Starting from the line with "นางชงโค สุรเวทวงศ์ภาส ผู้อำนวยการ", please copy exactly every line to the end of the listing, but not the pictures.

----------------------------------------

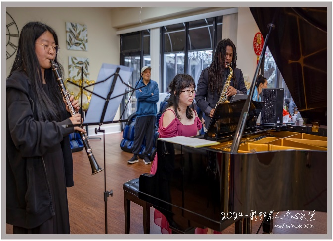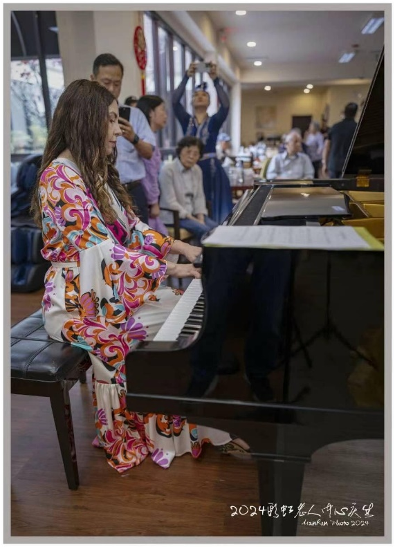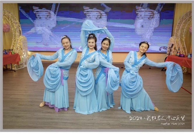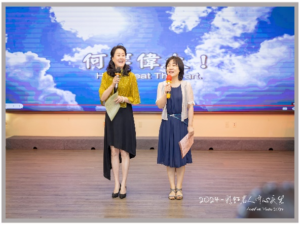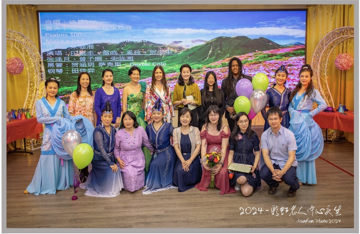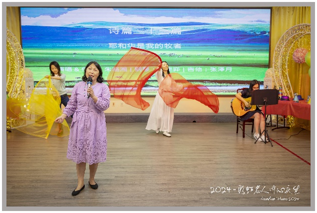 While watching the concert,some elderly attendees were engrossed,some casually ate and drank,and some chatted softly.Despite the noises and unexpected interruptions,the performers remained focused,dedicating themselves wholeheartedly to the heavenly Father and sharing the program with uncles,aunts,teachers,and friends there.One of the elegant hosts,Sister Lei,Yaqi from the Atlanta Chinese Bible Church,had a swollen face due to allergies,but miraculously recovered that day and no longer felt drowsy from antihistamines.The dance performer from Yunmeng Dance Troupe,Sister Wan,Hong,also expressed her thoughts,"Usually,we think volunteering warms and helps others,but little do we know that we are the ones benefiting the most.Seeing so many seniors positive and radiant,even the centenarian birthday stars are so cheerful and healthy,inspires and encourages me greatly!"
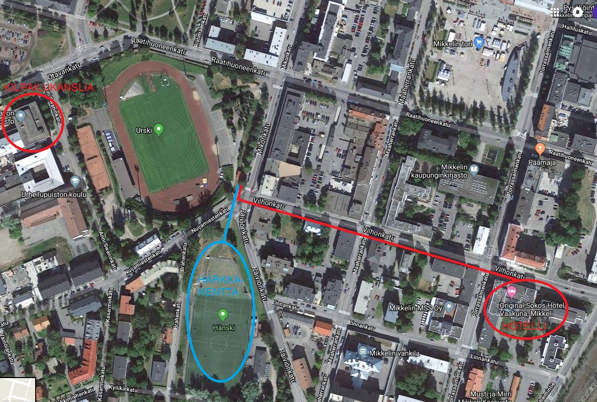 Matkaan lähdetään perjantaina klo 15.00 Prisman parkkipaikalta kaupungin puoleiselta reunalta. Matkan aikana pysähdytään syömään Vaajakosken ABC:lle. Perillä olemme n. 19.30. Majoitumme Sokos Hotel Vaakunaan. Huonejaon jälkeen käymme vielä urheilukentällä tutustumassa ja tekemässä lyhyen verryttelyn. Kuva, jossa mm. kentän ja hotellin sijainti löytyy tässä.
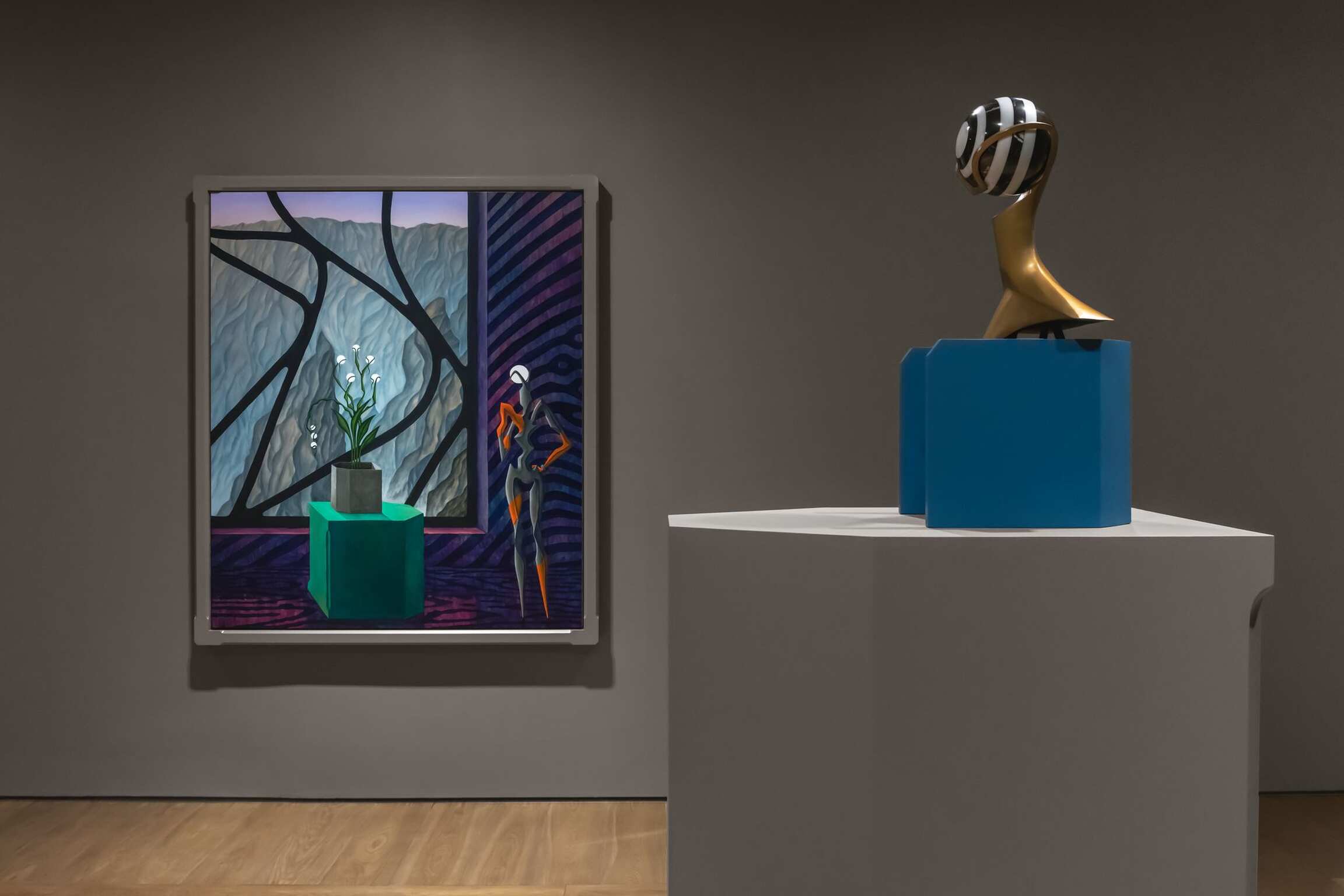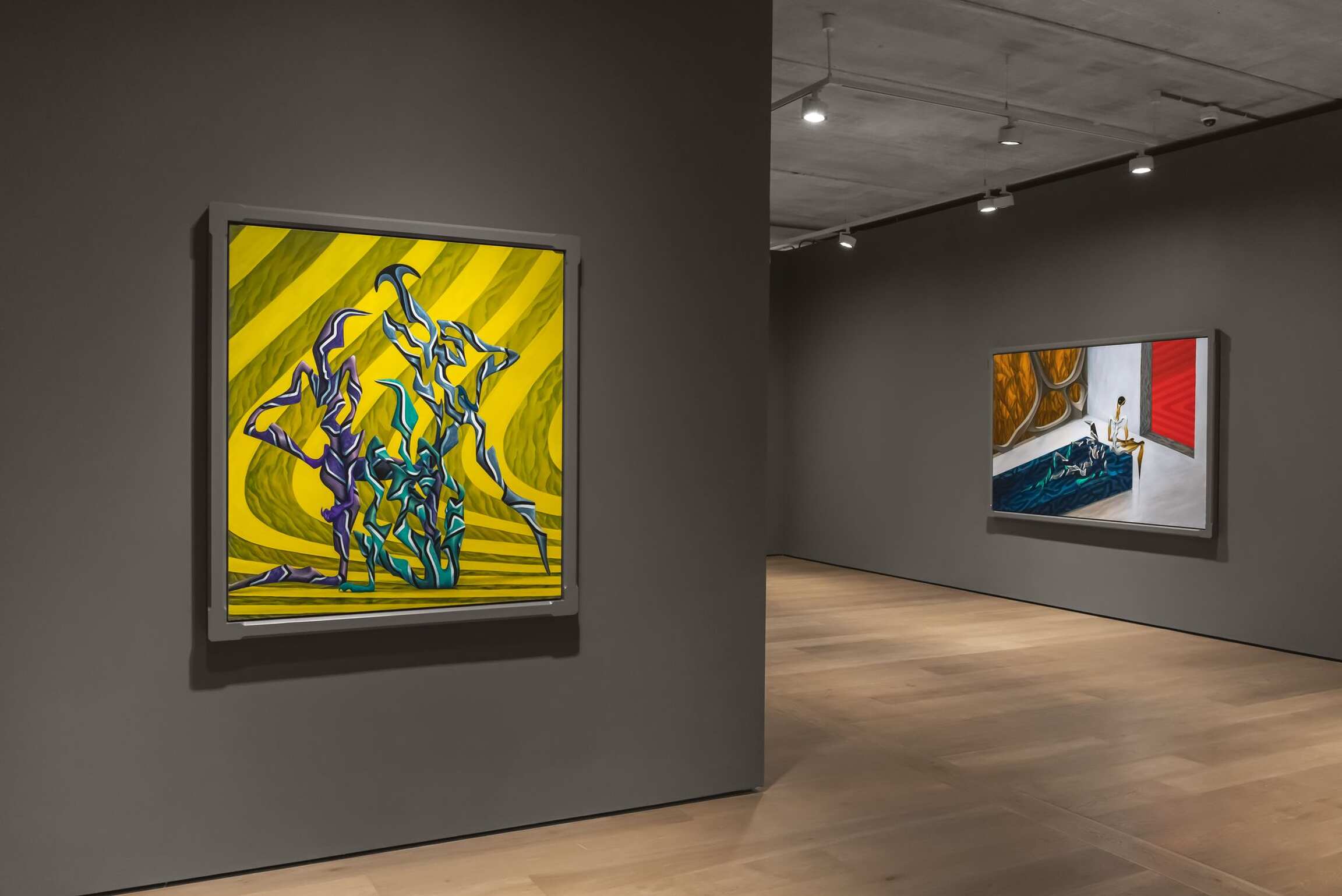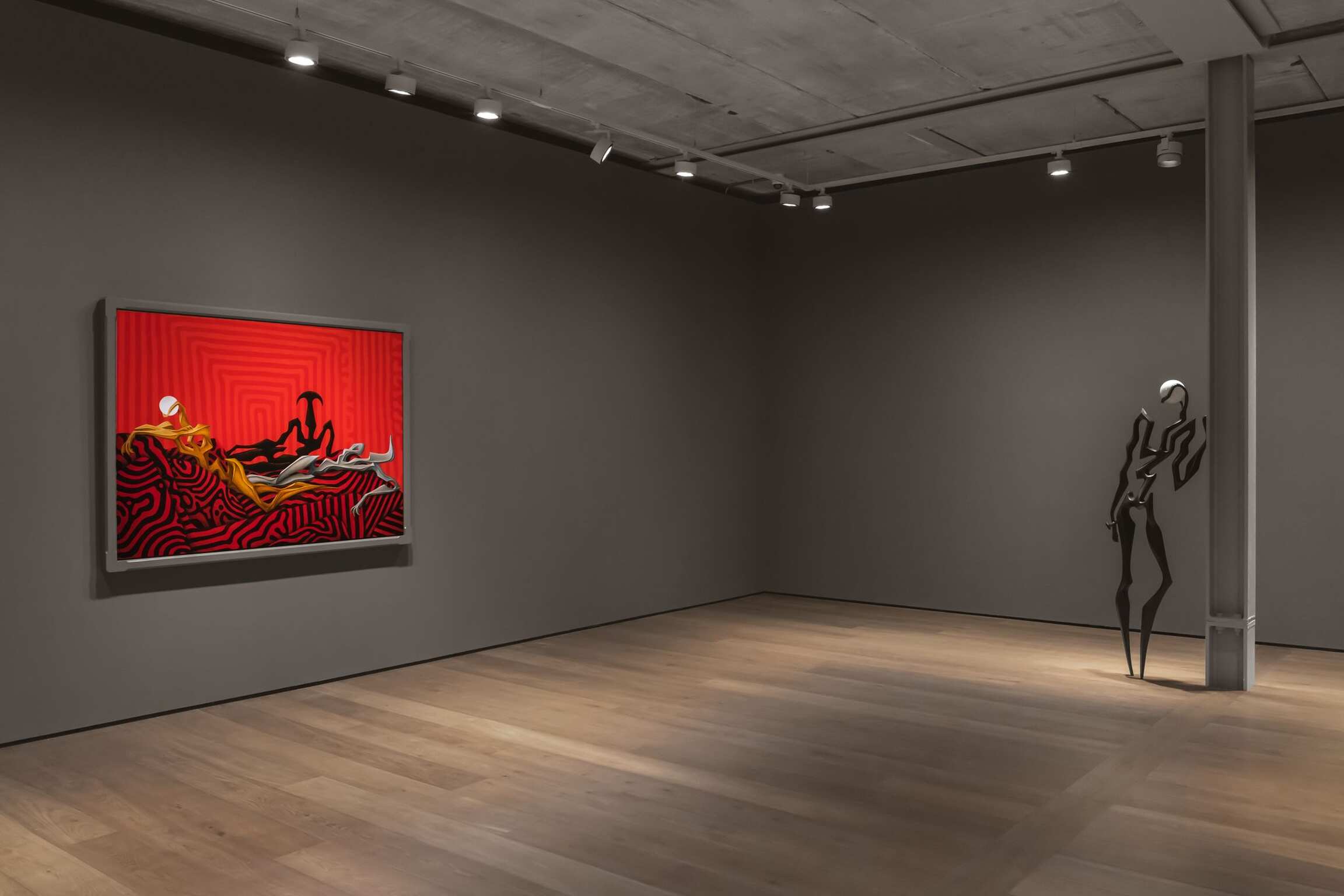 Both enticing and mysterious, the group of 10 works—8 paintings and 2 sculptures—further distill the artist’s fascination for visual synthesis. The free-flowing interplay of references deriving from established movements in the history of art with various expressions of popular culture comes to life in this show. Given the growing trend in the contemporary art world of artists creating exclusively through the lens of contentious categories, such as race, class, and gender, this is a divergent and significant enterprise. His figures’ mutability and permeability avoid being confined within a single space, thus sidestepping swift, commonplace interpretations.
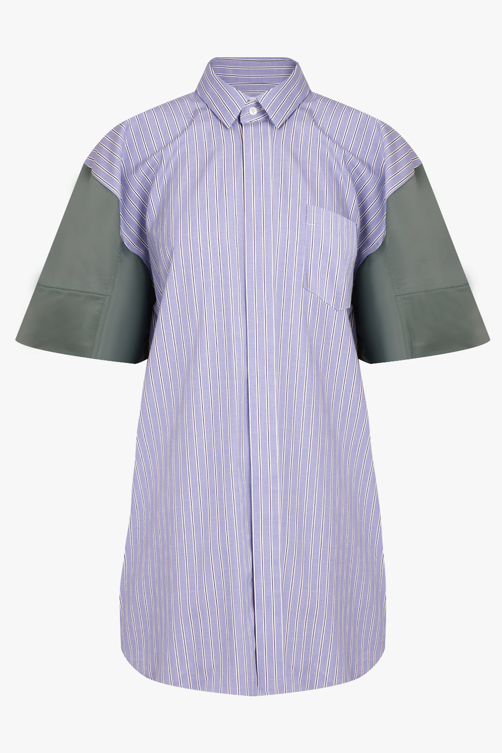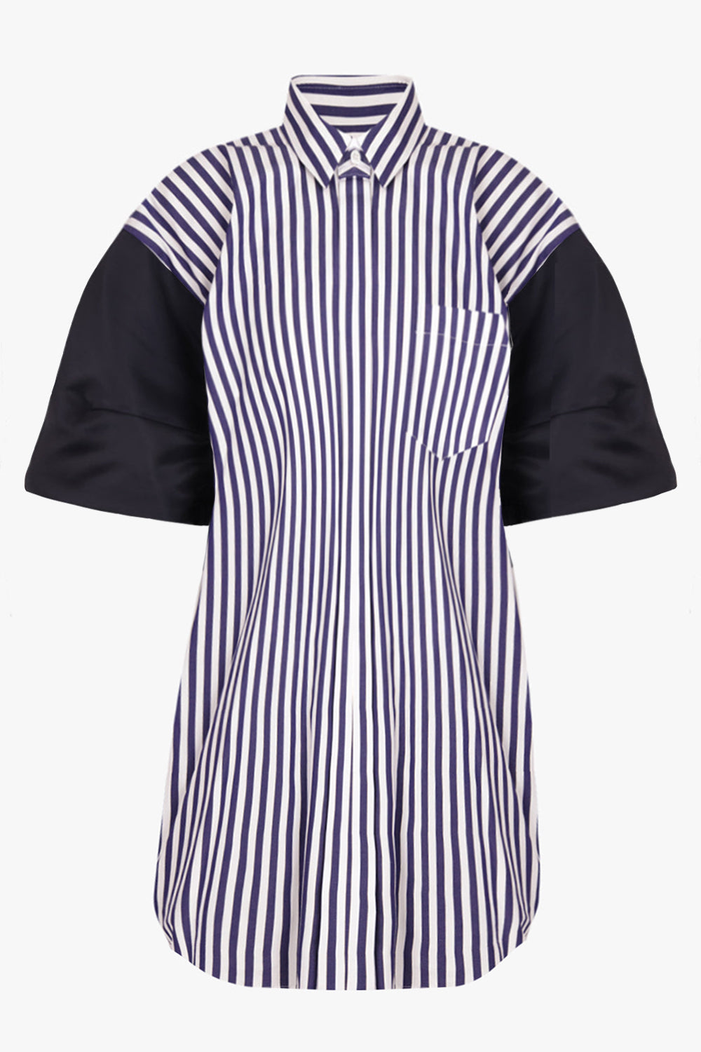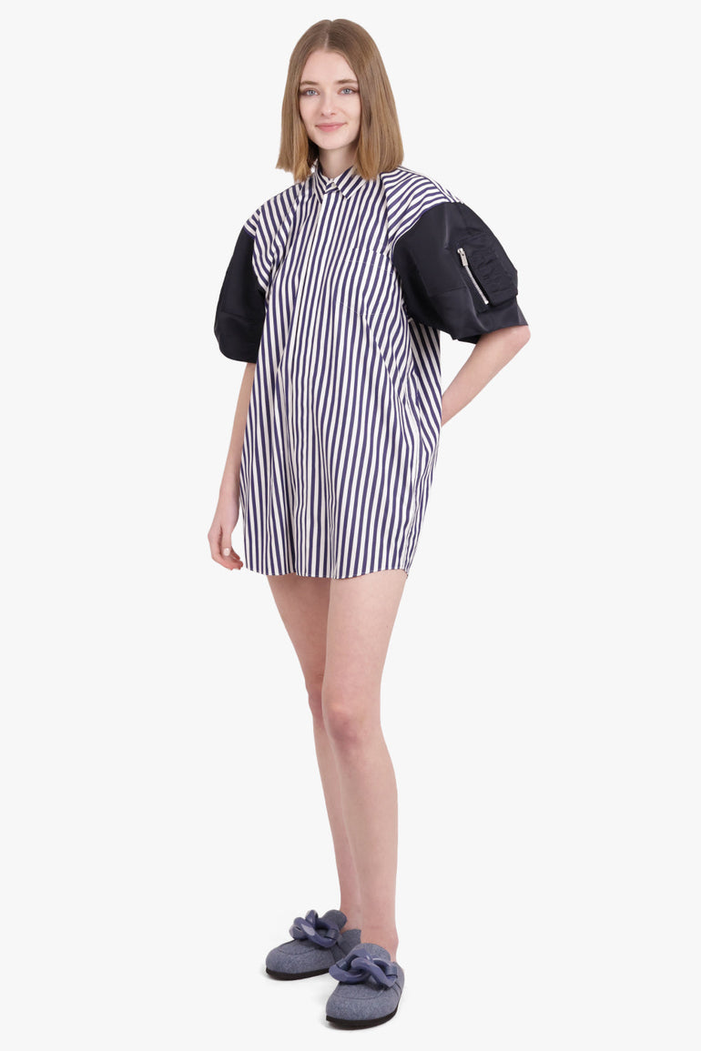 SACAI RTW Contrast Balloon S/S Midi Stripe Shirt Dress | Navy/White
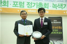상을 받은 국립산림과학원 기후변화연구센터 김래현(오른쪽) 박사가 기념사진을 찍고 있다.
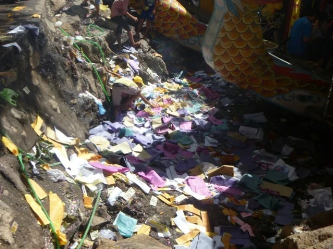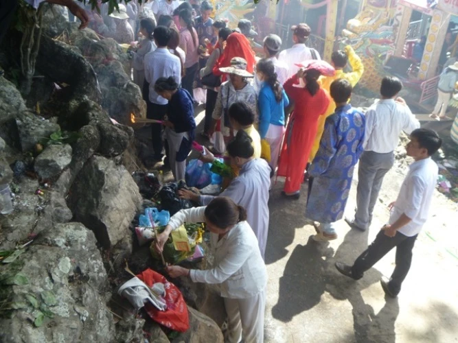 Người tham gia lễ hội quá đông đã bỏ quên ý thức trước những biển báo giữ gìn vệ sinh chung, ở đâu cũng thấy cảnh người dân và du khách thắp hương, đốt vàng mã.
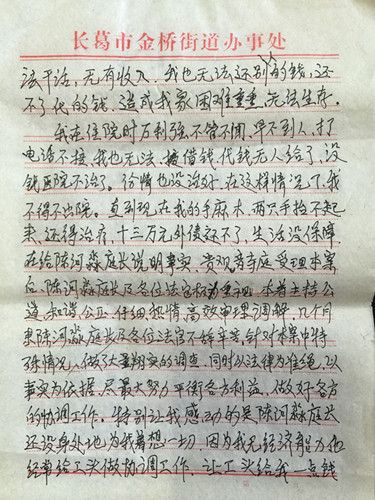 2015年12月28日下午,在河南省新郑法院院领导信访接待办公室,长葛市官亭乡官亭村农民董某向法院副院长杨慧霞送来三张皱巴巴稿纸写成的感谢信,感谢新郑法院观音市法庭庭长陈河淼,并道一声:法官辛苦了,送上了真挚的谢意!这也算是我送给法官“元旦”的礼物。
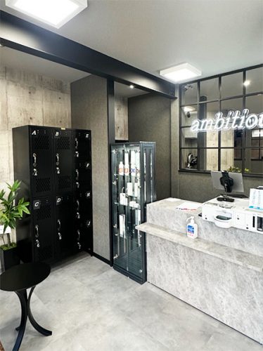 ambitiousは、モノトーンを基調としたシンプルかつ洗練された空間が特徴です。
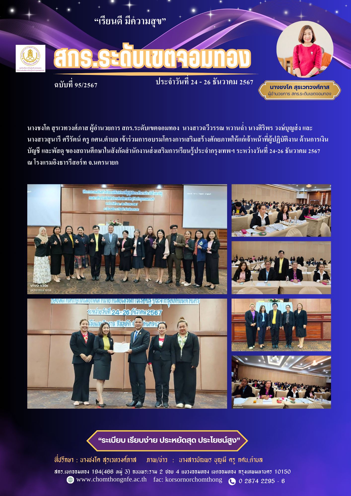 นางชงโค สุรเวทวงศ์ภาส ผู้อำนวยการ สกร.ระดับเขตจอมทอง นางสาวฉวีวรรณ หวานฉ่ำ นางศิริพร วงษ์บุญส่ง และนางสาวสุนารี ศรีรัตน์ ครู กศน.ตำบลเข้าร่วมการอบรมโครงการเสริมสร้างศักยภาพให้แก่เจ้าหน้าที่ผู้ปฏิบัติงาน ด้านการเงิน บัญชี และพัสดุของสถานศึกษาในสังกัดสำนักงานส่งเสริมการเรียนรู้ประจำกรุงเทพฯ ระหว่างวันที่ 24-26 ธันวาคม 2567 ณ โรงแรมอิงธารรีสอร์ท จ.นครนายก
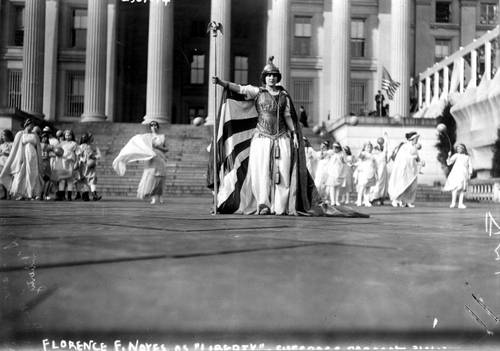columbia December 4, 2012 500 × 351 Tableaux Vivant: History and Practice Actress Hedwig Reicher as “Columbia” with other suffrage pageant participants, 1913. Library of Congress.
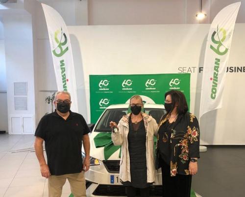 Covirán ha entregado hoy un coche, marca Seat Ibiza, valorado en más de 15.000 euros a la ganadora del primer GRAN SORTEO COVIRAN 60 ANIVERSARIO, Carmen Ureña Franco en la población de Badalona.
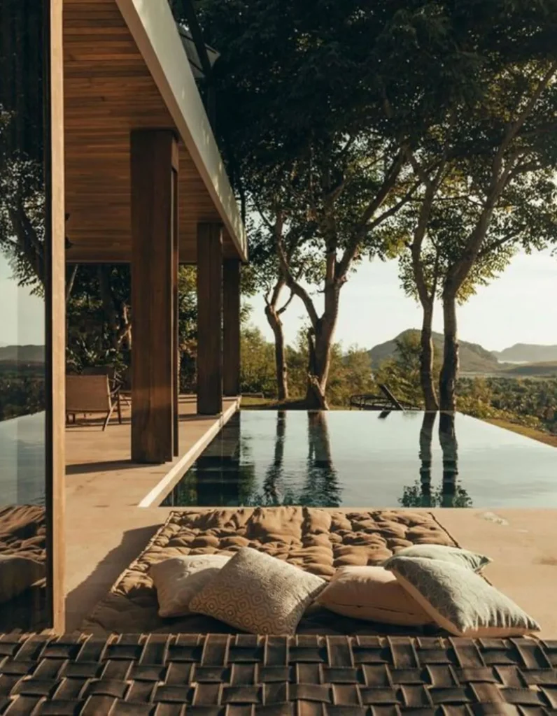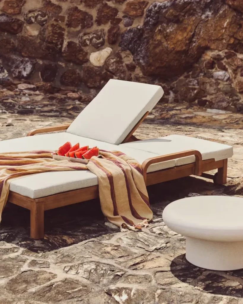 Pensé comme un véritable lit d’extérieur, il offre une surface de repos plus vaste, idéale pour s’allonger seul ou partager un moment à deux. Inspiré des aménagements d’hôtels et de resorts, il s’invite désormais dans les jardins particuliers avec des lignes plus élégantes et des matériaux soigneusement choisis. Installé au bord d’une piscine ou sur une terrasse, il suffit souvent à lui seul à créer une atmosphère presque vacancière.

----------------------------------------

TASK OUTPUT.
 นางชงโค สุรเวทวงศ์ภาส ผู้อำนวยการ สกร.ระดับเขตจอมทอง นางสาวฉวีวรรณ หวานฉ่ำ นางศิริพร วงษ์บุญส่ง และนางสาวสุนารี ศรีรัตน์ ครู กศน.ตำบลเข้าร่วมการอบรมโครงการเสริมสร้างศักยภาพให้แก่เจ้าหน้าที่ผู้ปฏิบัติงาน ด้านการเงิน บัญชี และพัสดุของสถานศึกษาในสังกัดสำนักงานส่งเสริมการเรียนรู้ประจำกรุงเทพฯ ระหว่างวันที่ 24-26 ธันวาคม 2567 ณ โรงแรมอิงธารรีสอร์ท จ.นครนายก
columbia December 4, 2012 500 × 351 Tableaux Vivant: History and Practice Actress Hedwig Reicher as “Columbia” with other suffrage pageant participants, 1913. Library of Congress.
 Covirán ha entregado hoy un coche, marca Seat Ibiza, valorado en más de 15.000 euros a la ganadora del primer GRAN SORTEO COVIRAN 60 ANIVERSARIO, Carmen Ureña Franco en la población de Badalona.
 Pensé comme un véritable lit d’extérieur, il offre une surface de repos plus vaste, idéale pour s’allonger seul ou partager un moment à deux. Inspiré des aménagements d’hôtels et de resorts, il s’invite désormais dans les jardins particuliers avec des lignes plus élégantes et des matériaux soigneusement choisis. Installé au bord d’une piscine ou sur une terrasse, il suffit souvent à lui seul à créer une atmosphère presque vacancière.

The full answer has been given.